Extracted records:
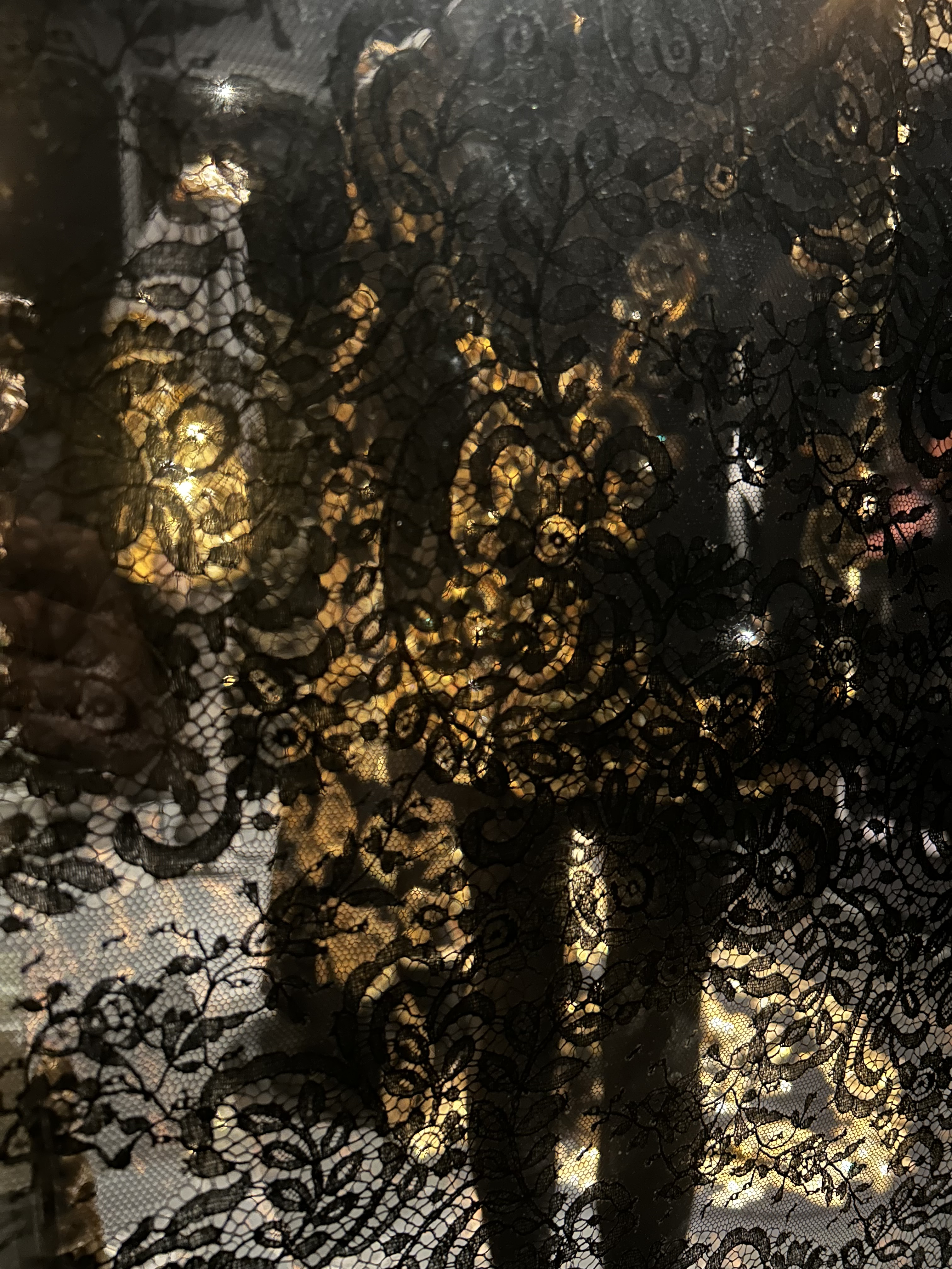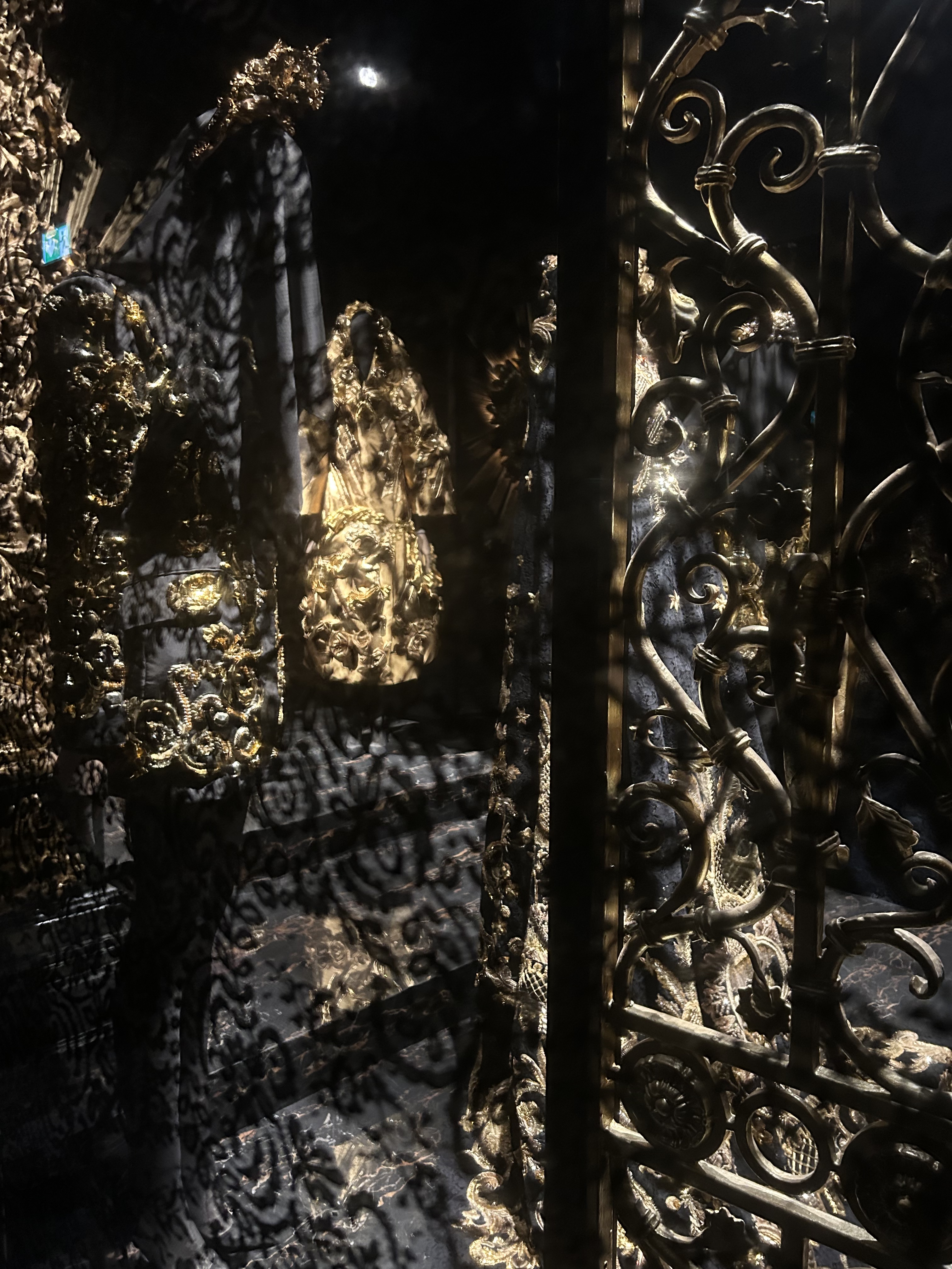 La dimension de sacré prend une place prépondérante dans leur travail. Dans la suite du parcours, nous découvrons une « cage » en dentelle qui renferme en son sein d’éblouissantes broderies au fil d’or. Nous pourrions presque l’appeler la cage au soleil, évoqué par les rayons dorés qui jaillissent de la sculpture en arrière-plan. Bien que les créations soient opulentes, l’association du noir et du doré leur confère une élégance sans pareil.
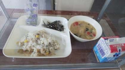 「れんこんのちらしずし、ぞうに、ごまめ、牛乳」
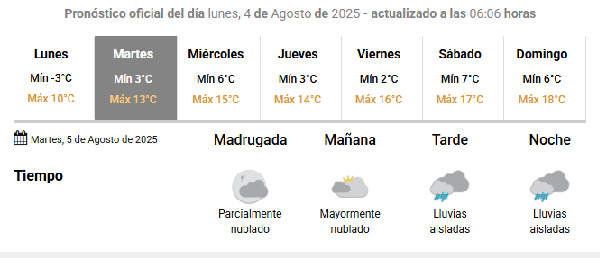 Según indica el SMN, este martes también será un día marcado por la lluvia en Roca. Para la jornada se esperan temperaturas que oscilará entre los 3°C y los 13°C.
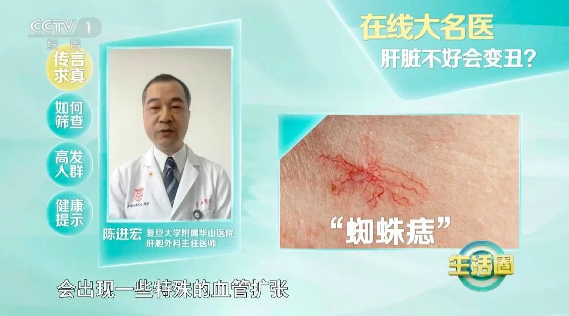 蜘蛛痣是一种细小的血管扩张,看起来像红色或紫色的蜘蛛网状图案,常见于面、颈和上胸部,这可能是肝脏疾病导致雌激素水平升高的结果。
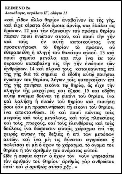 Και τους κάνει όλους μικρούς και μεγάλους, πλούσιους και φτωχούς, ελεύθερους και δούλους, να βάλουνε το χάραγμα πάνω στο δεξί χέρι ή πάνω στα μέτωπά τους και να μη μπορεί κανένας να αγοράσει ή να πουλήσει παρά μόνο όποιος έχει το χάραγμα, το όνομα του θηρίου ή τον αριθμό του ονόματος του. Εδώ είναι η σοφία. Όποιος έχει μυαλό ας αναλύσει τα ψηφία του αριθμού του θηρίου διότι είναι αριθμός ανθρώπου. Και ο αριθμός του είναι 666…
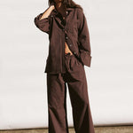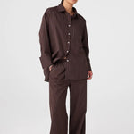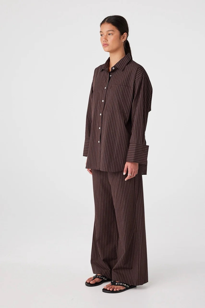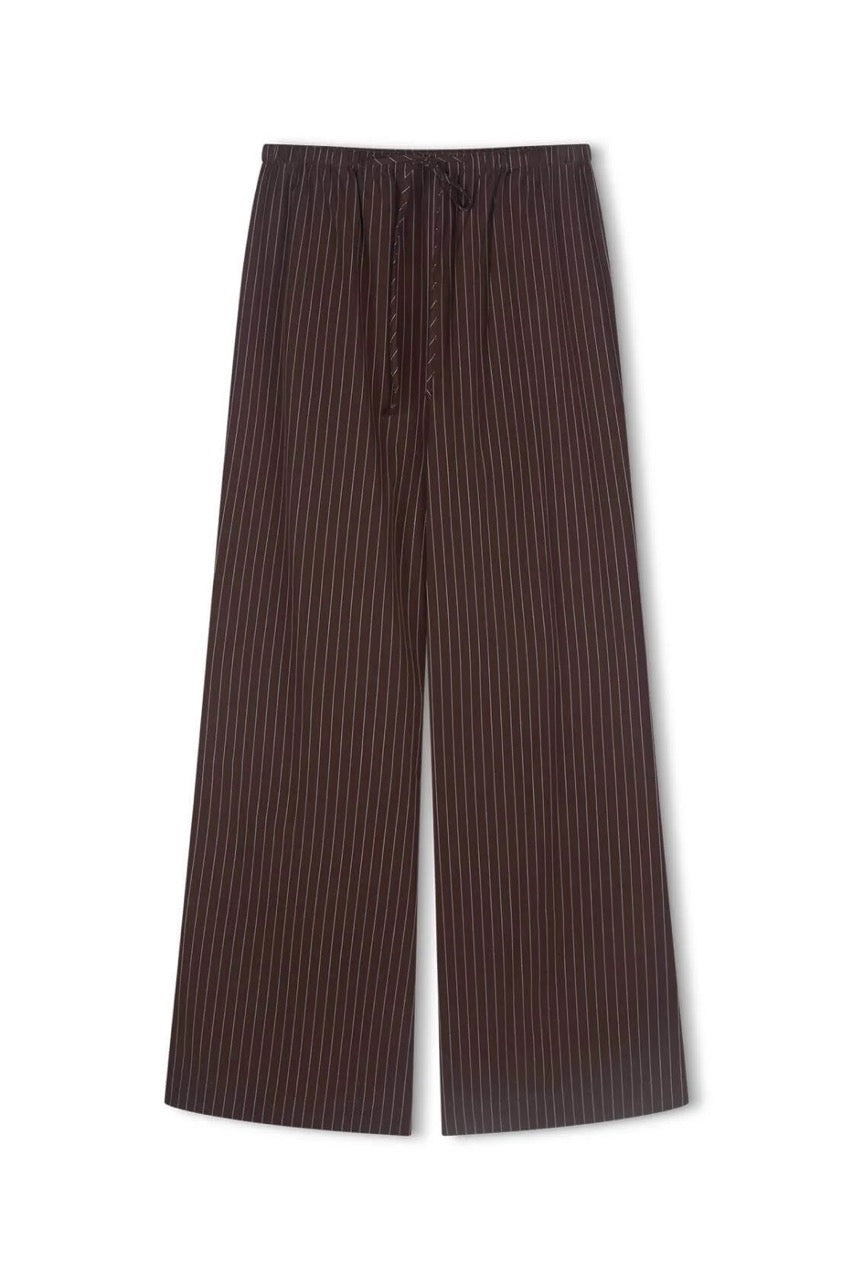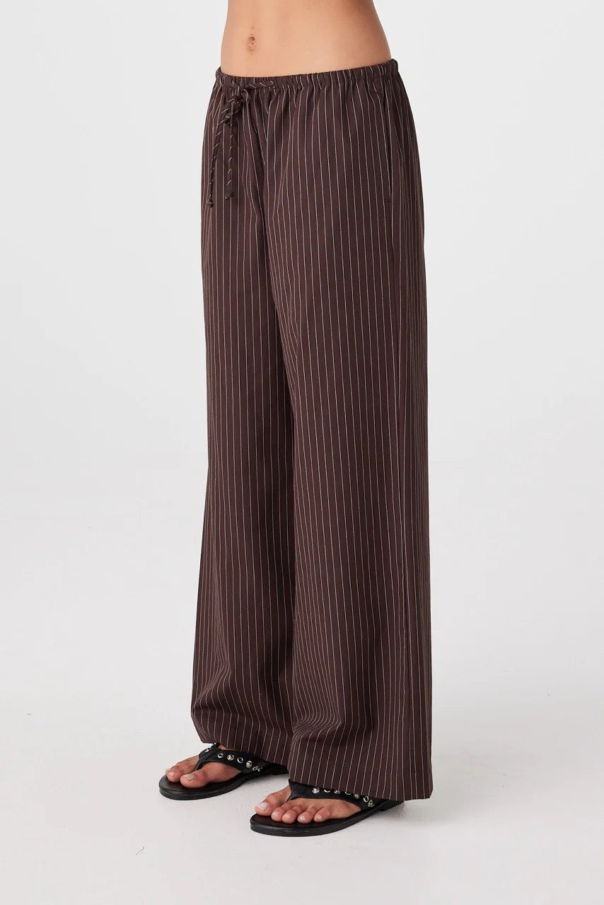 Straight leg cotton pants in Arcaa’s espresso stripe, designed with a soft elasticated waistband and internal drawcord. Relaxed fit through the hip and leg offers comfort for everyday movement, lounging or travel.
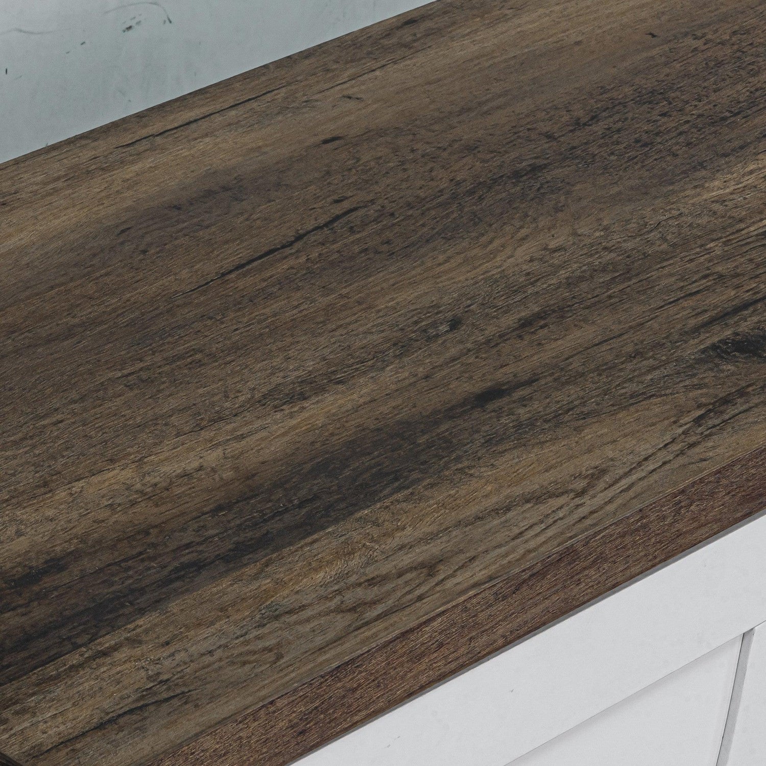 Elevate the ambiance of your home with this modern farmhouse TV stand, bathed in a white/brown/grey finish. This TV stand, a harmonious blend of wood and metal, exudes an old rustic charm that is sure to grab attention while promising durability. Crafted to support a 58-inch flat-screen TV, this piece draws inspiration from the weathered aesthetics of ancient barns. Its distinctive character infuses an unparalleled style element into your space, making it a unique addition to your home decor.
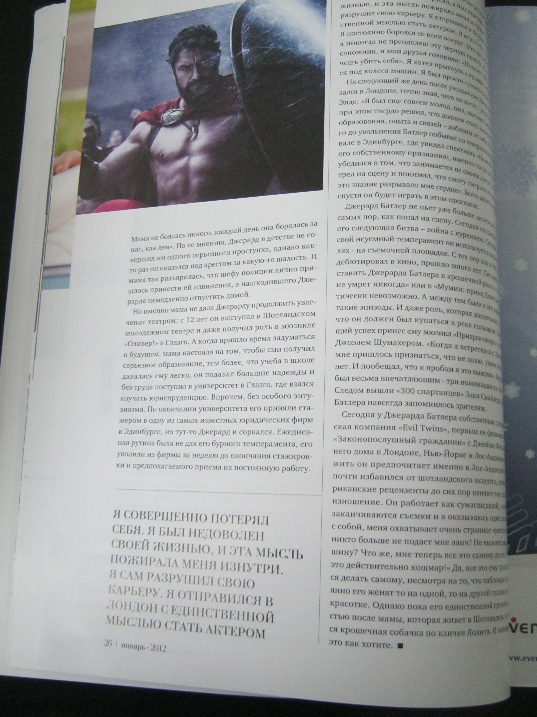 Я честно не собираюсь беспокоиться, что он или кто он такое, в то время как он наслаждается текущим карнавалом своей жизни. Да будь у него три жены и двенадцать детей, он всё равно был бы самой горячей штучкой на планете. (И я думаю, что и до знаменитой шалавы он знал, кто он такой. Эта слава — палка о двух концах. Я думаю, что повестка дня «кто есть Джерард Батлер?» осталась в прошлом). Я надеюсь, она наслаждается своими пятнадцатью минутами славы с оттенком аморальности. У Джерри полно друзей в высших эшелонах власти.

» **Assignment**:
Print every line of the data exactly. Pictures do not belong in the copy.

» **Final answer**:
 La dimension de sacré prend une place prépondérante dans leur travail. Dans la suite du parcours, nous découvrons une « cage » en dentelle qui renferme en son sein d’éblouissantes broderies au fil d’or. Nous pourrions presque l’appeler la cage au soleil, évoqué par les rayons dorés qui jaillissent de la sculpture en arrière-plan. Bien que les créations soient opulentes, l’association du noir et du doré leur confère une élégance sans pareil.
 「れんこんのちらしずし、ぞうに、ごまめ、牛乳」
 Según indica el SMN, este martes también será un día marcado por la lluvia en Roca. Para la jornada se esperan temperaturas que oscilará entre los 3°C y los 13°C.
 蜘蛛痣是一种细小的血管扩张,看起来像红色或紫色的蜘蛛网状图案,常见于面、颈和上胸部,这可能是肝脏疾病导致雌激素水平升高的结果。
 Και τους κάνει όλους μικρούς και μεγάλους, πλούσιους και φτωχούς, ελεύθερους και δούλους, να βάλουνε το χάραγμα πάνω στο δεξί χέρι ή πάνω στα μέτωπά τους και να μη μπορεί κανένας να αγοράσει ή να πουλήσει παρά μόνο όποιος έχει το χάραγμα, το όνομα του θηρίου ή τον αριθμό του ονόματος του. Εδώ είναι η σοφία. Όποιος έχει μυαλό ας αναλύσει τα ψηφία του αριθμού του θηρίου διότι είναι αριθμός ανθρώπου. Και ο αριθμός του είναι 666…
 Straight leg cotton pants in Arcaa’s espresso stripe, designed with a soft elasticated waistband and internal drawcord. Relaxed fit through the hip and leg offers comfort for everyday movement, lounging or travel.
 Elevate the ambiance of your home with this modern farmhouse TV stand, bathed in a white/brown/grey finish. This TV stand, a harmonious blend of wood and metal, exudes an old rustic charm that is sure to grab attention while promising durability. Crafted to support a 58-inch flat-screen TV, this piece draws inspiration from the weathered aesthetics of ancient barns. Its distinctive character infuses an unparalleled style element into your space, making it a unique addition to your home decor.
 Я честно не собираюсь беспокоиться, что он или кто он такое, в то время как он наслаждается текущим карнавалом своей жизни. Да будь у него три жены и двенадцать детей, он всё равно был бы самой горячей штучкой на планете. (И я думаю, что и до знаменитой шалавы он знал, кто он такой. Эта слава — палка о двух концах. Я думаю, что повестка дня «кто есть Джерард Батлер?» осталась в прошлом). Я надеюсь, она наслаждается своими пятнадцатью минутами славы с оттенком аморальности. У Джерри полно друзей в высших эшелонах власти.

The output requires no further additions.